• _What you will do_
Would you repeat the listing exactly but omit every picture?

• _Dataset content_
= = = =
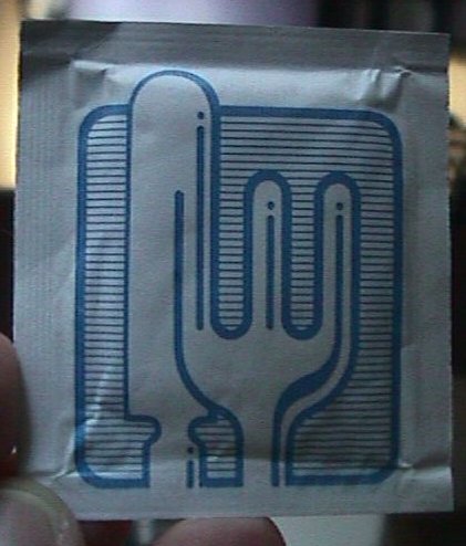 A cloth towel in a foil wrapper sent to me from Tom in Sweden.
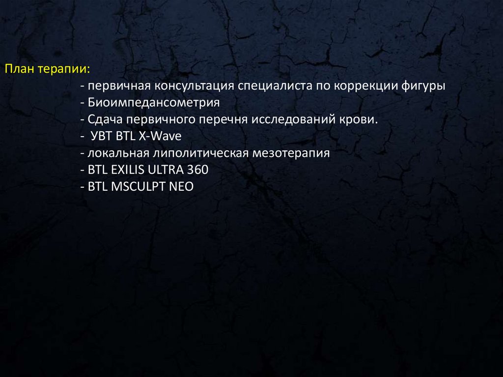 План терапии:- первичная консультация специалиста по коррекции фигуры
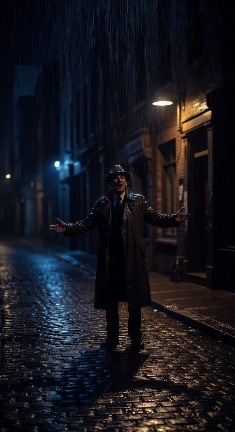 Bathed in streetlight, a man in a fedora and trench coat stands in the downpour of a city alleyway, arms outstretched...
= = = =
• _Answer box_
 A cloth towel in a foil wrapper sent to me from Tom in Sweden.
 План терапии:- первичная консультация специалиста по коррекции фигуры
 Bathed in streetlight, a man in a fedora and trench coat stands in the downpour of a city alleyway, arms outstretched...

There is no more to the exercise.